Last Updated on April 25, 2023 by Abhishek Sharma

Two popular data structures used in programming are array and linked list. Both of these data structures have their own advantages and disadvantages, and choosing the right data structure depends on the use case. This article discusses the advantages and disadvantages of linked list over arrays. Before moving forward, let’s see a brief introduction to the linked list.

What is a Linked List?

A linked list is a popular data structure used in computer programming, which consists of a sequence of elements or nodes connected by links or pointers. In a linked list, each node contains two components: data and a reference to the next node in the sequence.

Types of Linked List

Now, let’s see the types of linked lists in detail.

  1. Singly Linked List:
    Singly-linked lists are the simplest type of linked list, and each node contains a data component and a reference to the next node in the sequence. The last node in the sequence points to null, indicating the end of the list. Singly-linked lists can be efficiently traversed in one direction, from the beginning to the end.

  2. Doubly or Two-Way Linked List:
    In a doubly linked list, each node contains a data component, a reference to the next node in the sequence, and a reference to the previous node in the sequence. This allows for efficient traversal of the list in both directions. The first node in the sequence has a null reference to the previous node, and the last node in the sequence has a null reference to the next node.

  3. Circular Linked List:
    In a circular linked list, the last node in the sequence points to the first node, creating a circular link. This means that the list can be traversed indefinitely in a loop. Circular linked lists can be either singly linked or doubly linked.

  4. Circular Doubly Linked List:
    A circular doubly linked list combines the features of both circular and doubly linked lists. Each node contains a data component, a reference to the next node in the sequence, and a reference to the previous node in the sequence. The last node in the sequence points to the first node, and the first node points to the last node.

  5. Header Linked List:
    A header linked list is a special type of linked list that contains a dummy node at the beginning of the list. The dummy node does not contain any data but has a reference to the first node in the sequence. This makes it easier to manipulate the list and avoids special cases when inserting or deleting nodes at the beginning of the list.

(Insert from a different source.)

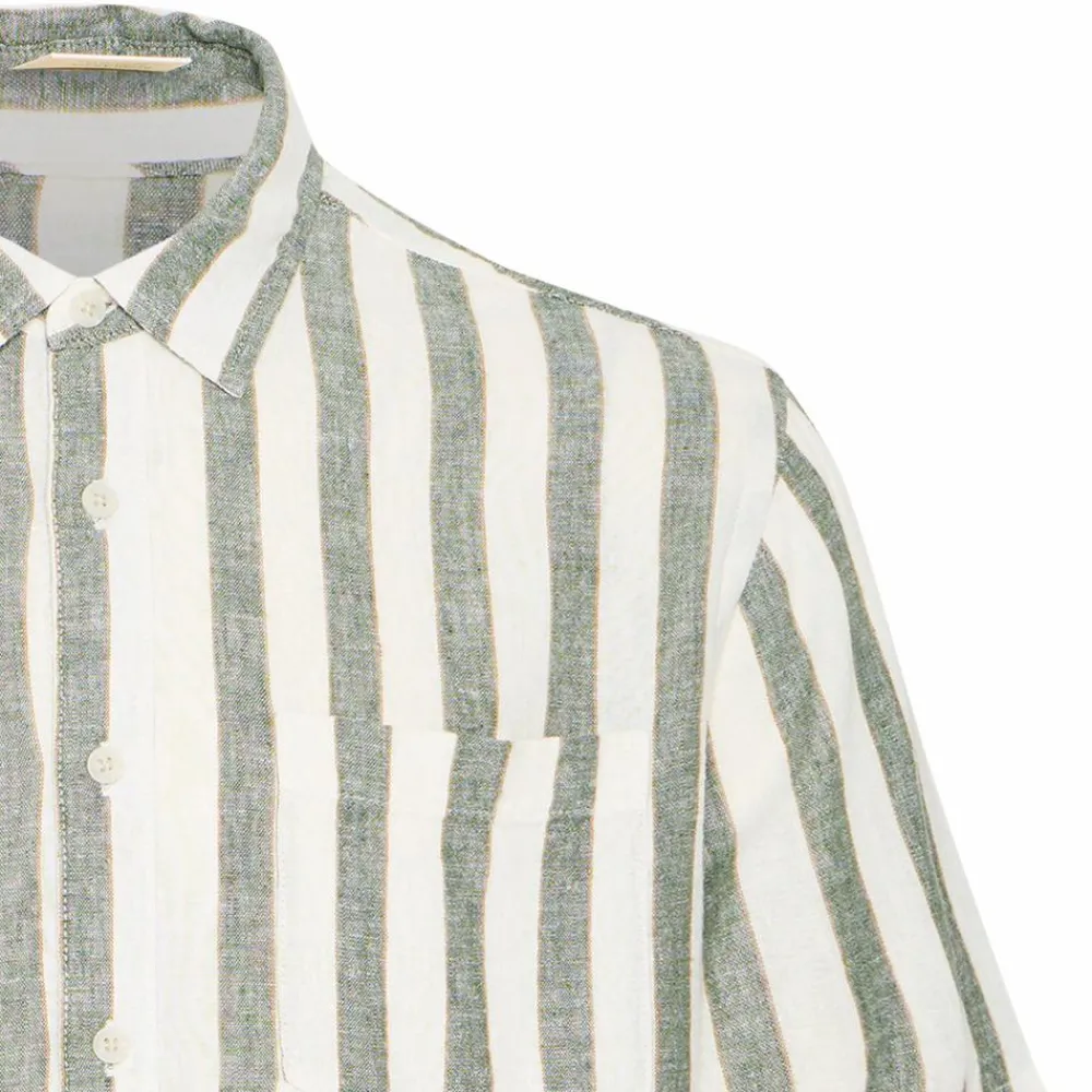 Blend plus size kortærmet herre skjorte i hørmix. Skjorten har grønne striber ned langs trøjen med små brune striber rundt om. Skjorten har en klassisk skjortekrave, knapper ned langs trøjen og en lomme på venstre side.

Advantages of a Linked List over Arrays

Below are some advantages of Linked List over Arrays in programming, including:

  1. Dynamic Size: One of the most significant advantages of linked list over arrays is that linked lists can grow or shrink dynamically during runtime. This means that the size of a linked list can be adjusted to accommodate new elements or remove existing elements without having to allocate or deallocate a fixed-size block of memory, as is the case with arrays.
  2. Efficient Insertion and Deletion: Linked lists allow efficient insertion and deletion of elements at any position in the list, whereas arrays require shifting of elements when a new element is added or removed, which can be slow and inefficient for large arrays.
  3. Memory Efficiency: Linked lists use memory more efficiently than arrays. In an array, all elements must be stored in contiguous memory locations, even if some of the elements are not used. In contrast, linked lists only allocate memory for the elements that are used, which can save memory in cases where the size of the data set is unknown or varies over time.
  4. Easy Implementation of Abstract Data Types: Linked lists are easy to use and implement when implementing abstract data types such as stacks, queues, and trees. These data structures require frequent insertion and deletion of elements, which is a task in which linked lists are well-suited.
  5. More Efficient Sorting: In some cases, linked lists can be more efficient for sorting algorithms than arrays. This is because linked lists do not require swapping elements like arrays, which can be time-consuming for large arrays.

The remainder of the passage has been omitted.